Page 116 of Too Sweet

Page List

Font Size:

And she’s still asleep, lips pursed, one hand across my ribs, the other under the pillow.

So fucking gorgeous.

I ghost my fingers up and down her arm under the comforter, getting ready for whatever comes when she wakes up.

Her hair is sprawled on her pillow, which she hardly ever uses, nestling her face in the crook of my neck or my chest, and I fucking love when she’s so close.

It’s not the most comfortable position, lying on my back most of the night, but if it means having Mia curve into me, I’ll gladly suffer the lower back pain.

She only sleeps in my arms on the weekends. It’s starting not to be enough. Every night without her warm, body beside me, it gets harder to fall asleep.

My wristwatch tells me it’s nine-thirty when she starts stirring, changing positions every few seconds like she’s trying to find one that’ll let her sleep a little longer.

I’ve been awake almost two hours but didn’t dare untangle myself from her hold.

“Morning,” I whisper, kissing her head.

“Morning,” she breathes, pulling the comforter so high nothing south of her nose is visible. “Did Shawn come over last night?”

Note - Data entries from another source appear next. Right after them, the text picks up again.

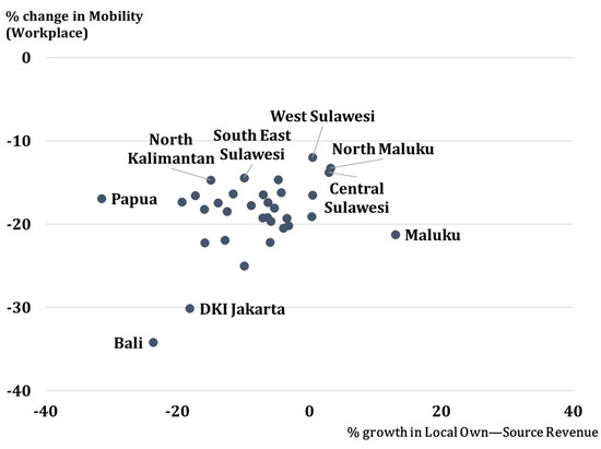 Workplace Mobility and Local Own—Source Revenue 2020. Source: Google Mobility Index and Ministry of Finance, processed.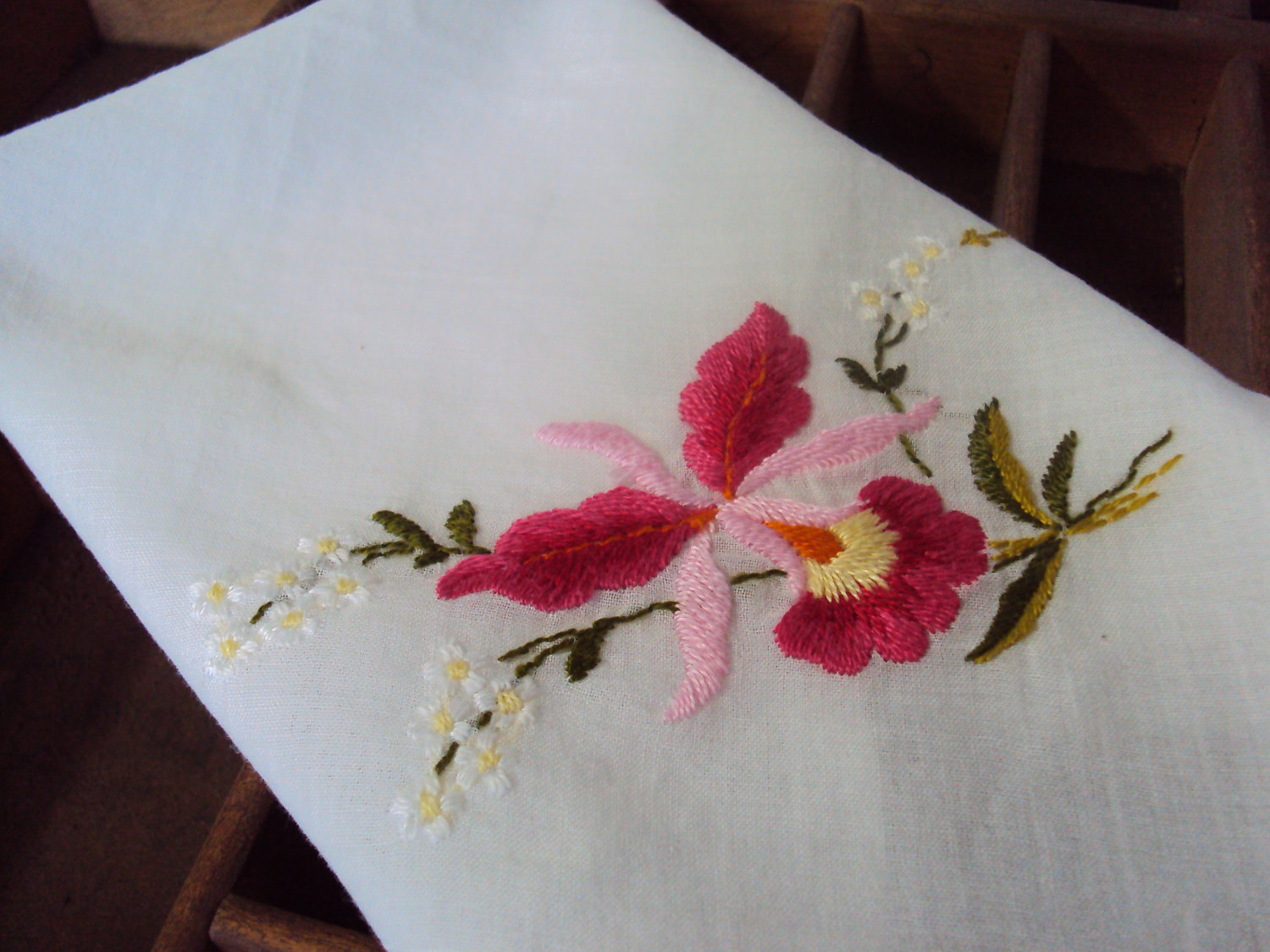 Handkerchief Embroidery Patterns Fantastic Embroidered Linen Handkerchief Floral Pattern Corners Tiny Flowers Cotton Collectible Display Cottage Shab Chic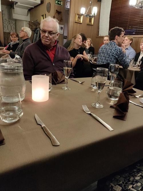 Tilaisuuden avasi seuramme varapuheenjohtaja Terho Kaaja. Terho huomioi puheessaan 50 v seuran sihteerinä toimineen Kauko Järvisen joka on edelleen johtokunnan jäsen ja Tuula Kangasniemi-Salmen, joka tähän mennessä ollut seuran talodenhoitaja 41:ttä vuotta. TUL:n tervehdyksen toi Tampereen piirin toiminnanjohtaja Jukka Nieminen. Tämän jälkeen ruokailtiin. Ruokailu lomassa keskustelu solui, kuinkas muuten, vanhojen painimuistojen ja kisasaavutusten parissa. Tarinoita riitti, naurua ja kysymyksiä heiteltiin. Onneksi ei kuitenkaan lähdetty painiheittoja tekemään.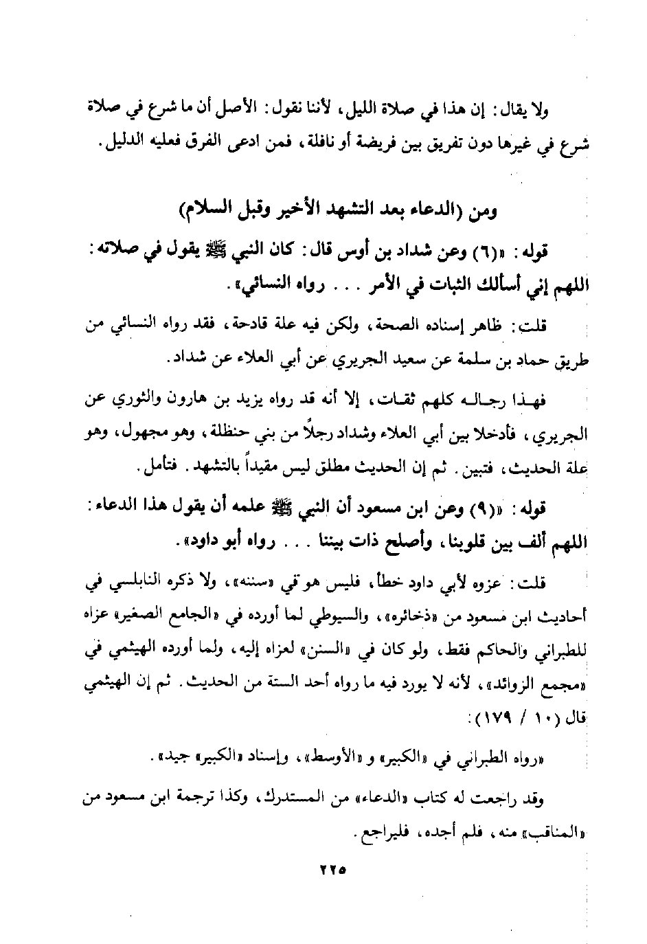 فهذا رجاله كلهم ثقات إلا أنه قد رواه يزيد بن هارون والثوري عن الجريري فأدخلا بين أبي العلاء وشداد رجلا من بني حنظلة وهو مجهول وهو علة الحديث فتبين. ثم إن الحديث مطلق ليس مقيدا بالتشهد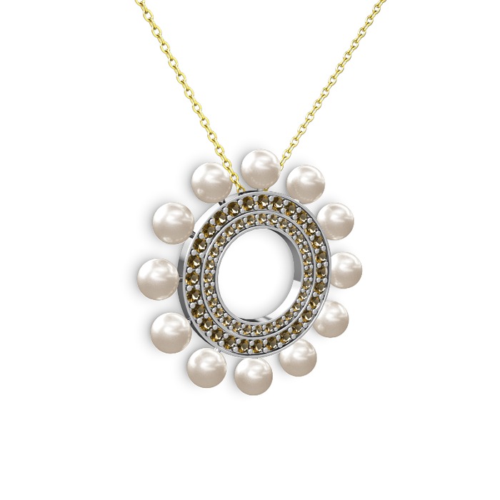 Inci ve dumanlı kuvars 14 ayar beyaz altın kolye (40 cm altın rolo zincir)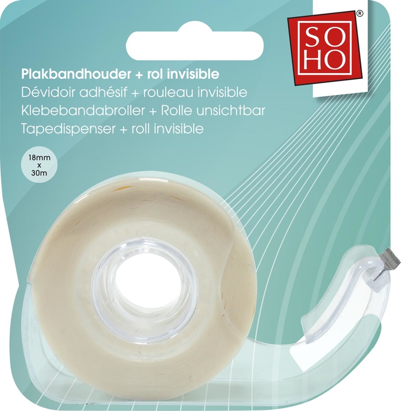 SOHO plakband, 18 mm x 30 m, onzichtbaar, met afroller

“Yeah. He’s coming back today around eleven to talk to you.” I tug the comforter and nudge her until she lies on her back. A nasty bruise on the side of her pretty face kick-starts the bright-white freeze of anger worming my mind.

The bruise is larger than my fucking hand. Red and purple from her cheek to her jaw.

“That bad?” she asks, combing her blonde locks over one shoulder. “I wouldn’t have this if not for the clotting factor deficiency. It’ll be gone in about a week.” She pinches her lips together, and a hot glow of pink spills over her cheeks. “Did you see the clip?”

I grip her waist, pulling her under me. “I did, baby, and before you ask, it changes nothing. I’m sorry you went through that.” I kiss her forehead, moving my elbows flush against her ribs. “I’m sorry you didn’t feel you could trust me. I won’t let you down again.”

“It’s not your fault. Please—” she whispers, biting the inside of her cheek. “Don’t do this. Don’t blame yourself, the triplets, or anyone else, okay? It doesn’t help anyone. It happened. It’s done. We can’t turn back ti—”

“Don’t act like it didn’t happen. You need time to process it,” I cut in, anticipating where this is going. She’s invalidating the whole thing, lessening its severity and consequences. “Don’t rush. I’m here, and I’m not going anywhere.”

“I’m not rushing, Nico, but I’ve been through this before. After Asher, I kept everything in. I didn’t talk to anyone for weeks. Ask your brothers. I spoke in monosyllables, replaying that night over and over. It took me a long time to heal. I don’t want to make that mistake again.”

“You can talk to me. I saw what happened, but I’ll listen if you want to let it out. I’ll find you a therapist if that’s what you need.”

“I was in therapy last year. I know how to deal with this. I don’t want to keep thinking about what Jake did or wonder what would’ve happened if I had done one thing differently. I don’t want to look back because if I do that I can’t go forward. I’ll talk to Shawn and tell you everything you want to know, but then I want to move on, okay?”

“Can I help somehow?”

“You can start by repeating what you said last night.”

A small smile curves my lips when she beams, eyes sparkling. She’s so fucking strong...

“What did I say?”

She huffs, bracing both hands against my chest, trying to wriggle out from under me. “I won’t tell you.”

I take her hands in mine and box her in again, looking into those green eyes that hold my soul hostage. “I love you, baby.” I dip my head to kiss her, but she slaps one hand over her mouth, shaking her head.

“I love you, but I won’t kiss you until we brush our teeth.”

THIRTY-FOUR

Mia

“MIA!”

I immediately tense at the sound of his voice. Taking a deep breath for courage, I spin on my heel, standing face-to-face with Brandon.